Der Bundespräsident sieht in Rainer Maria Rilke nicht den Prototyp des einsamen Dichters. Beim Besuch der großen Rilke-Schau in Marbach würdigt das Staatsoberhaupt die Weltgewandtheit des “Wortmagiers”.
Nach Einschätzung von Bundespräsident Frank-Walter Steinmeier muss das während seiner Schulzeit kolportierte Bild von Rainer Maria Rilke als einsamem Dichter korrigiert werden. “Rilke war ein Kosmopolit, der im habsburgischen Prag geboren wurde”, sagte Steinmeier am Donnerstag bei einem Besuch der großen Rilke-Ausstellung in Marbach. Rilkes Reisen führten ihn nach Spanien, Italien, Frankreich, Schweden, Dänemark, Russland und Nordafrika – und er unterhielt ein europaweites Netzwerk von Schriftstellern, Mäzenen, persönlichen Freunden und Familie.
Steinmeier würdigte die Schau im Literaturmuseum der Moderne des Deutschen Literaturarchivs Marbach (DLA) als eine “wirklich wichtige Ausstellung, die unser kulturelles Gedächtnis erheblich erweitern wird und sicherstellt, dass Marbach einzigartig in der Rilke-Forschung nicht nur bleibt, sondern jetzt erst recht werden wird”.
Der seit Gründung des Deutschen Literaturarchivs systematisch aufgebaute Bestand von Rilke-Archivalien hatte 2022 mit der Übernahme des Rilke-Archivs Gernsbach umfassend erweitert werden können. “Man sieht einfach, dass die im Nachlass erworbenen Dokumente dieses Rilke-Bild auch wirklich verändern helfen und der Wahrheit wahrscheinlich näherkommen als sie es bisher waren”, sagte Steinmeier.
Bei der eigentlichen Eröffnung am 4. Dezember hatte der Bundespräsident in einer Videoansprache Rainer Maria Rilke (1875-1926) als einen “Wortmagier” voller Musikalität gewürdigt.
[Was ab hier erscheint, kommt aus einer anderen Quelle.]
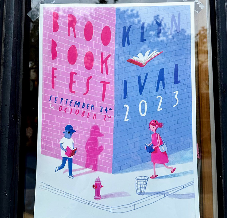 2023年圖書節的主視覺是知名繪本創作者奧立佛.傑法(Oliver Jeffers)的畫作,在布魯克林的書店都可以看到這張吸睛的海報。圖書節的現場可以免費拿取以這張圖做封面的報紙節目表,由於同時間有許多的活動在進行,參加者可以先研究一下最想出席的活動有哪些,再根據時間表和地圖前往活動場地。
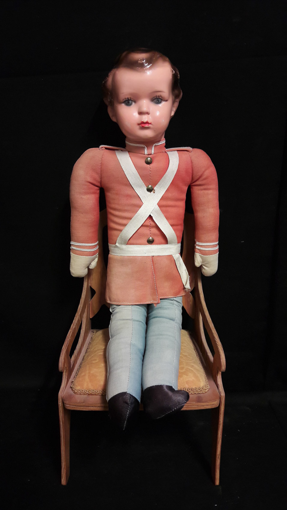 Poikanukke, kangasvartalo, pituus 45cm, 1900 luvun alkupuoli.
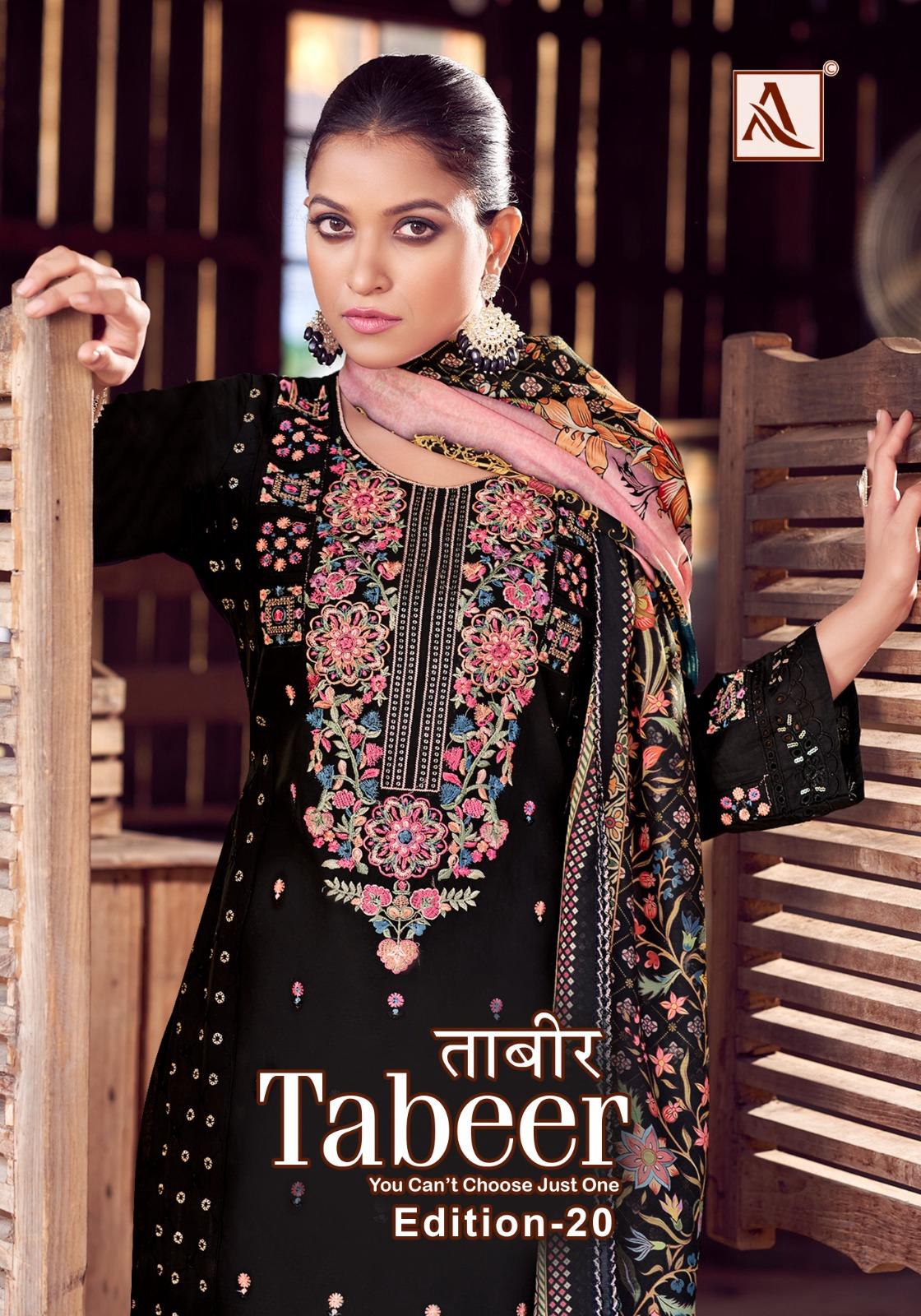 ALOK SUIT TABEER EDITION 20 contains superior Fabrics, with perfect craftsmanship makes it one most best quality suits catalogue. Best commitment to ungearing quality.
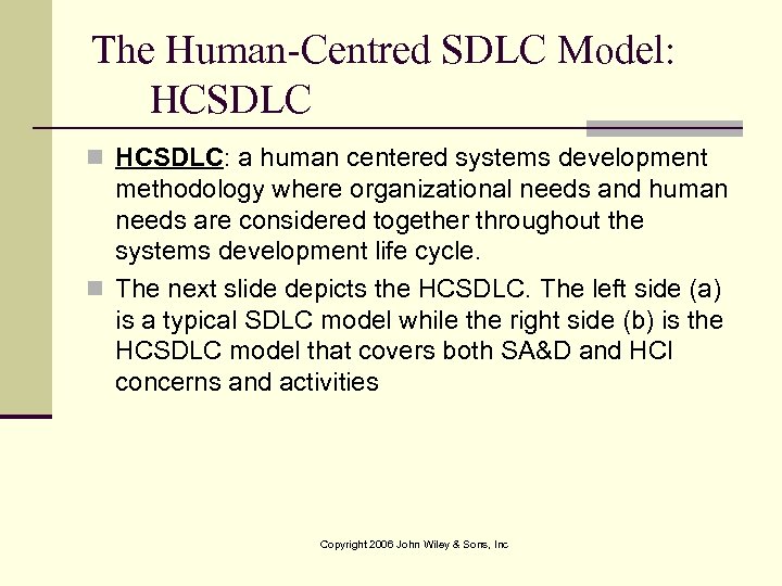 The Human-Centred SDLC Model: HCSDLC n HCSDLC: a human centered systems development methodology where organizational needs and human needs are considered together throughout the systems development life cycle. n The next slide depicts the HCSDLC. The left side (a) is a typical SDLC model while the right side (b) is the HCSDLC model that covers both SA&D and HCI concerns and activities Copyright 2006 John Wiley & Sons, Inc

Rilke sei einer der ganz großen Dichter des Deutschen, der “unsere Sprache wie kaum ein anderer so wunderbar zum Klingen bringen konnte”, sagte Steinmeier.
Der Bundespräsident hatte wegen eines Staatsbesuchs in Großbritannien und Nordirland nicht persönlich an der Eröffnungsveranstaltung teilnehmen können. Die multimediale Ausstellung “Und dann und wann ein weißer Elefant. Rilkes Welten” ist bis 21. Januar 2027 zu sehen.
Sie zeigt auf rund 800 Quadratmetern Ausstellungsfläche Manuskripte, Briefe, Notizbücher, Skizzen, Bücher und Bilder. Beleuchtet werden Rilkes familiäre, freundschaftliche und amouröse Beziehungen sowie seine Ambitionen als Bürger, Künstler und Netzwerker im damaligen Literaturbetrieb. Die Ausstellung ist der Auftakt des Rilke-Jubiläumsjahrs zum 150. Geburtstag des Dichters am 4. Dezember 2025 und zum 100. Todestag am 29. Dezember 2026.